Discrimination and identification can be (and generally are) tested by the
same operations. The result of the testing, assuming it is properly done
and the response set is limited to the number of stimuli the experimenter
intended to use (with noise, of course, there might be lots more) is an n
x n matrix. In the 2 x 2 case it is easy to extract independent
parameters representing the discriminability of the two, and the bias to
respond more often with one response or the other (d' and beta). In the
case of n>2, it becomes very difficult to derive such metrics for each
stimulus. We sometimes create n distinct 2X2 matrices, with the rows and
columns representing the stimulus j, and not-j (all the others). This
does give you a fairly useful measure of the discriminability of stimulus
j from the remainder of the stimulus catalog, and of the bias to use
response j. And it is general for all n (including 2). But better
mathematicians than I have convinced me, over the years, that this simple
solution to relating identification to discrimination has some unfortunate
weaknesses. I'll bet that someone out there has a better approach, by
PS Note that I didn't say a word about proclivities or capabilities.

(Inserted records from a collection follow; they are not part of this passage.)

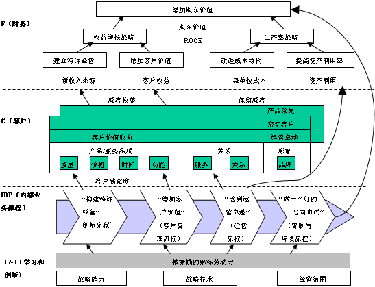 卡普兰教授曾经说过:不能描述的事情就不测量,不能测量的事情就不能管理。据开普兰教授统计的数据显示,只有10%的组织实施他们的战略。那么实施战略的障碍在哪里呢?只有5%的人理解战略、只有25%的人享有与战略相关的激励、85%的管理团队讨论战略的时间不足一个小时、60%的组织没有将战略与预算联系起来。那么这些障碍产生的原因是什么呢?主要是因为没有一个很好的描述战略、实施战略的工具。由于组织没有很好的描述战略,战略实施的效果就不可能被很好的进行评估,进而也就无法对战略进行管理。平衡计分卡工具的出现,弥补了战略实施的不足,使公司的战略得到了很好的阐述,便于员工对公司战略的理解;实现了战略与预算、预算与考核、考核与激励的对接;同时平衡计分卡成为了管理会议的主要的工具之一。 那么平衡计分卡是如何很好的描述战略、实施战略的呢? 一、 战略图----描述组织的战略 战略图,顾名思义就是描述组织战略的地图。通过把组织的战略画在一张图里,可以使管理者对组织的战略一目了然,便于对战略的理解和管理。战略图依据平衡计分卡的思想,把组织的战略分成四个纬度:财务战略、客户战略、内部业务流程战略、学习与创新战略。其中客户战略是核心。也就是说,组织战略的设计,是围绕着如何满足客户的价值取向来进行的。从财务战略来说,只有满足了客户的需求,才能获得更好的财务结果。从内部业务流程战略来说,内部业务流程的设计,是为了更好的满足客户的价值取向。从学习和创新战略来说,学习和创新是为了不断地改善内部的业务流程,以满足客户的需要。 下图是战略图的模版,它很好的表示了一个组织,从学习和创新到内部业务流程,从内部业务流程到客户,从客户到财务,这样一个层层驱动的因果关系。学习和创新是为了不断的改善组织的内部业务流程,改善组织内部的业务流程是为了不断地满足客户的需要,满足客户的需要是为了获得更好的财务结果。战略图使原本零散的、看似无关的战略联系在了一起。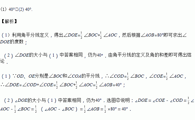 如图①,已知∠AOB=80°,OC是∠AOB内的一条射线,OD,OE分别平分∠BOC和∠COA.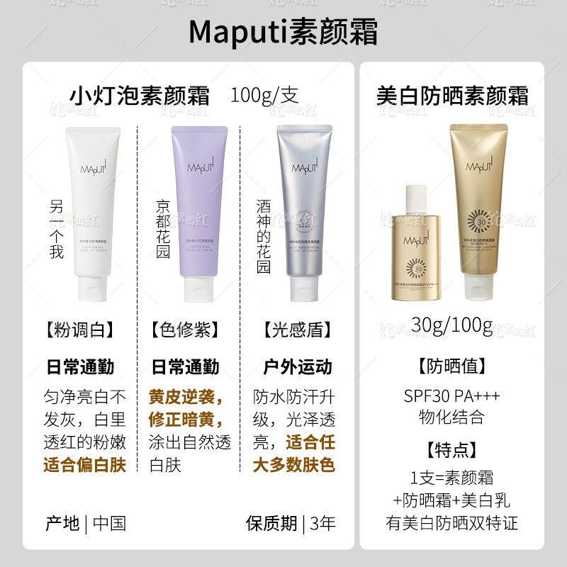 美白防晒双特证!maputi玛朴缇身体素颜霜隔离遮瑕三合一妆前乳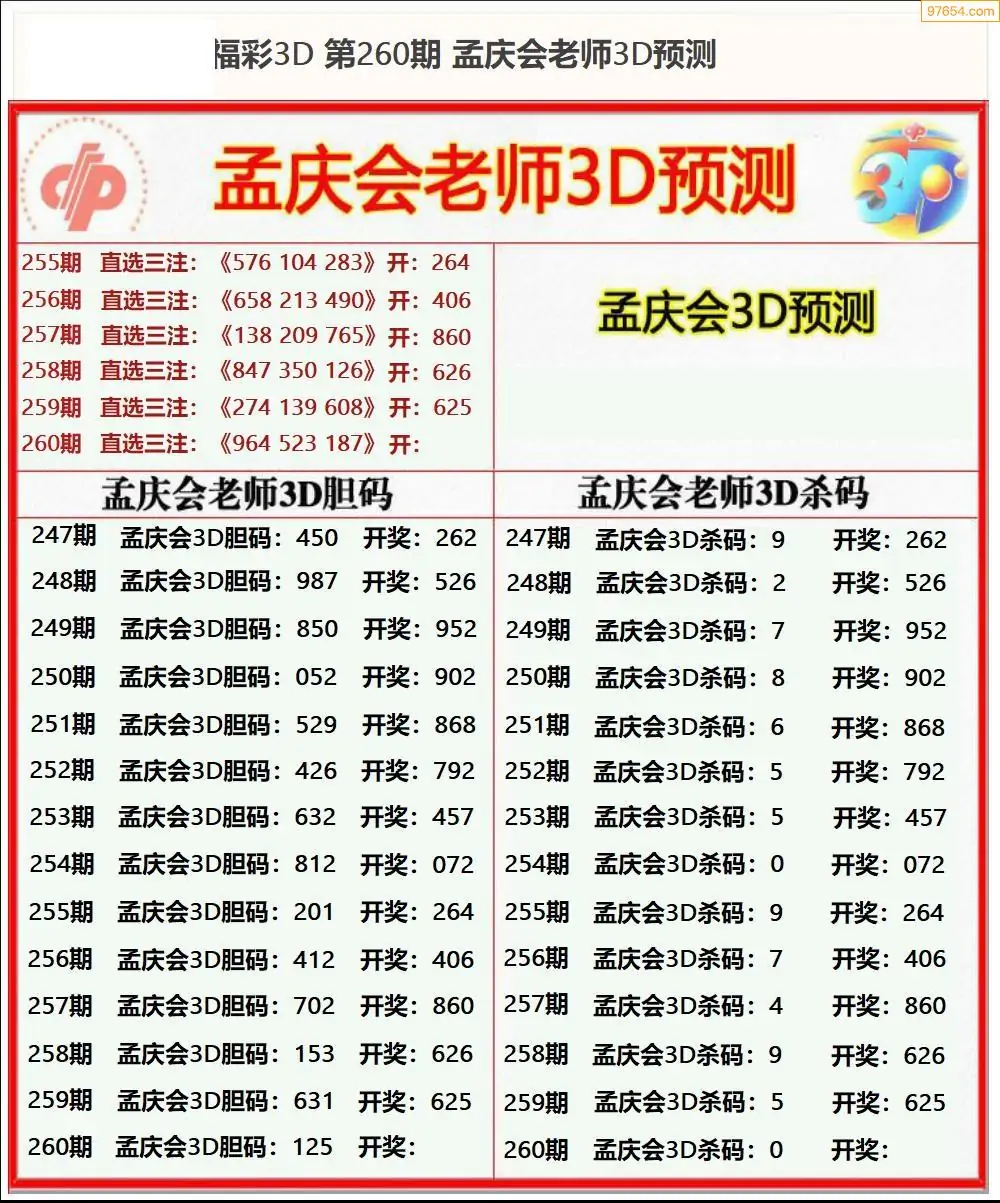 25年260期今晚孟庆会推3D胆码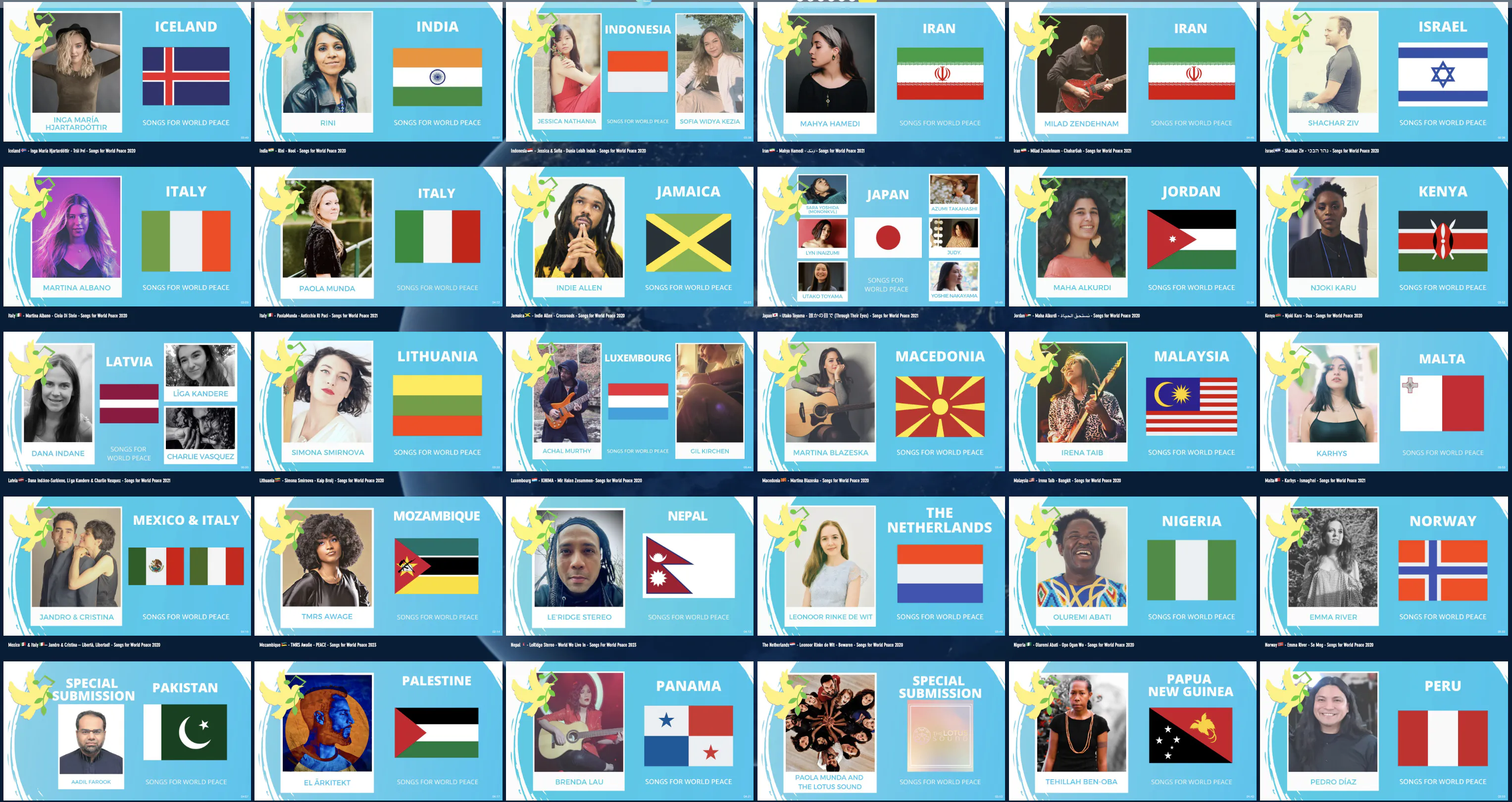 これまで平和の歌を発表したSongs for World Peaceアーティストの一部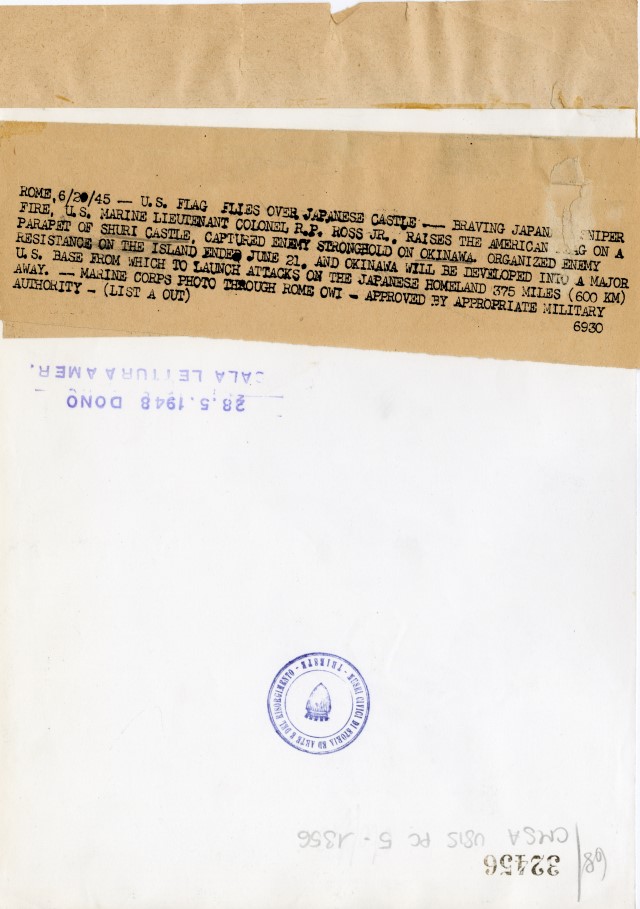 Un Marine sta per issare la bandiera americana sulla cima del castello Shuri, sull'isola di Okinawa.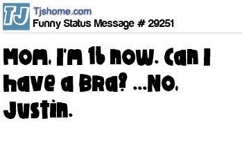 X Mom, I'm 16 now. Can I have a Bra? ...No, Justin.
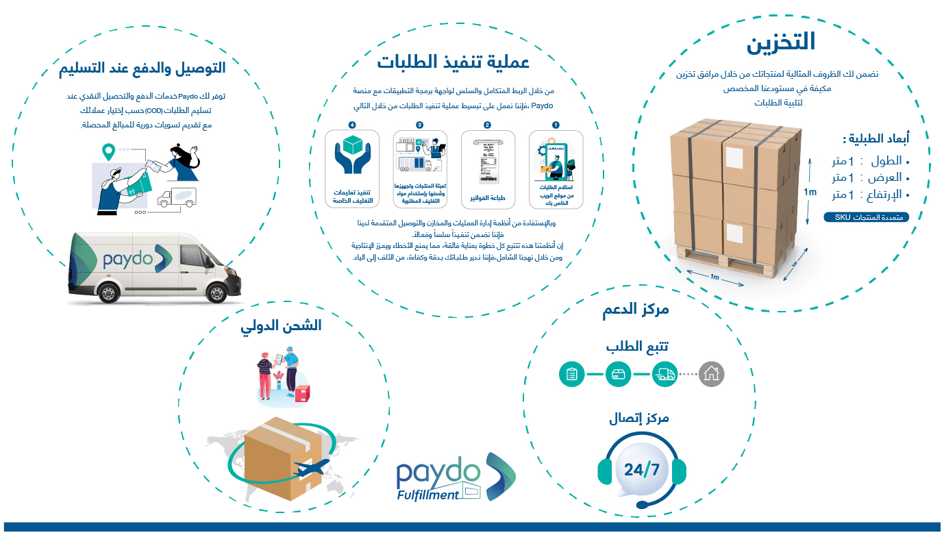 - إدارة تجهيز وشحن ومناولة الطلبات من خلال منصة إلكترونية متطورة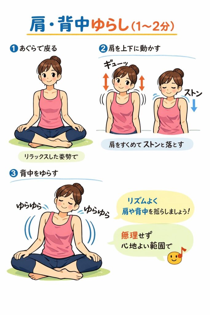 力を抜いて、気持ちいい範囲で揺らすだけでOK。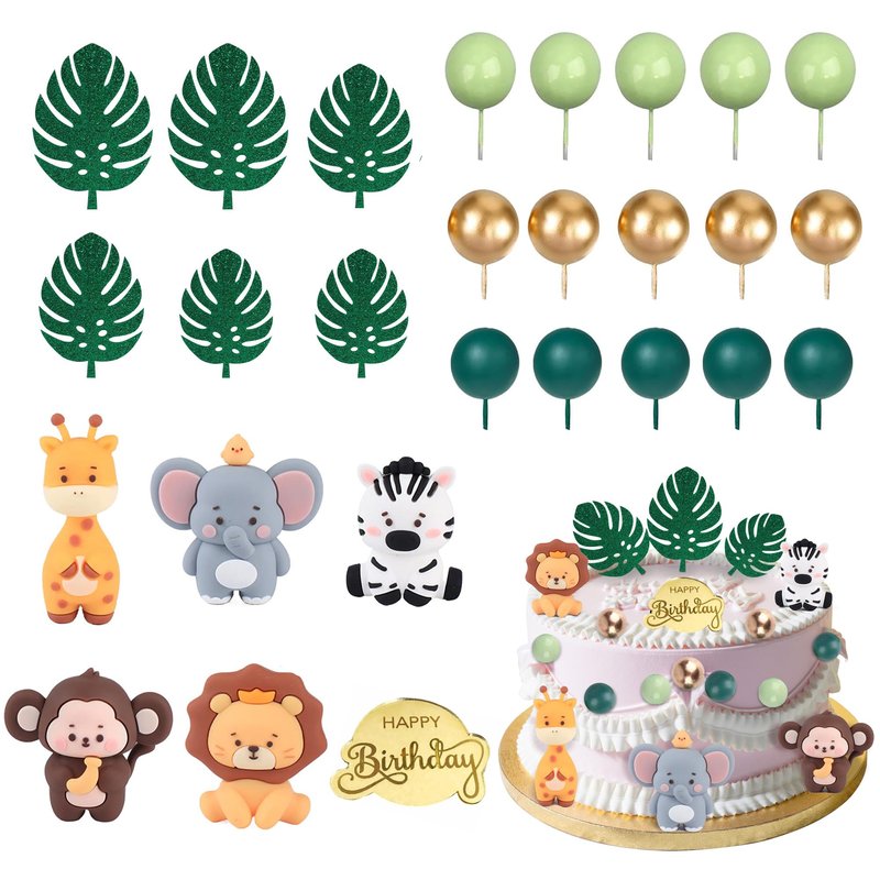 - Variety of Animals Included: Each set includes 5 safari animals, such as lion, elephant, giraffe, monkey and zebra. Also included are 15 decorative balls, 6 turtle plam leaves and a happy birthday cake decoration and provide rich decorations for your birthday cake.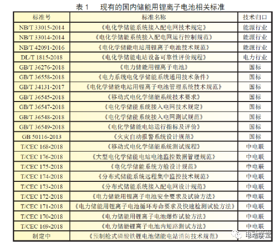 2014年對(duì)口IEC/TC120的全國電力儲(chǔ)能標(biāo)準(zhǔn)化技術(shù)委員會(huì)(SAC/TC550)成立,負(fù)責(zé)電力儲(chǔ)能領(lǐng)域標(biāo)準(zhǔn)化體系的建立及相關(guān)標(biāo)準(zhǔn)的制定工作。國內(nèi)鋰電儲(chǔ)能相關(guān)標(biāo)準(zhǔn)見表1。

On Mon, 12 Oct 1998, Al Bregman wrote:
> Dear List,
> I don't agree that discrimination implies underlying set size of 2, and
> that this is the only difference between identification and
> discrimination. The critical difference is that in discrimination, the
> items to be distinguished are physically present on the trial.
> Here's an illustration:
> Create a hundred figures resembling chinese characters but built out of
> short, straight, connected lines, such that the only thing that
> distinguishes them is the number, orientation, and position of the
> component lines. Confusing? You bet!
> In a discrimination experiment, on any one trial, randomly select two of
> these figures, and present them side by side for as long as the subject
> wishes. Presumably the subject will score very high AS LONG AS THE
> DIFFERENCES EXCEED THE SENSORY CAPACITY TO REGISTER DIFFERENCES (e.g., in
> size of angle). Even though the size of the underlying set of objects is
> 100, the two to be discriminated are always physically present. From this
> we see that set size is irrelevant in discrimination. One need never have
> formed a mental representation of the stimuli before the trial, if
> inspection time is unlimited.
> Now teach the subject names for the 100 stimuli. On each trial, present
> one at random, ask for its name, then give feedback about correctness.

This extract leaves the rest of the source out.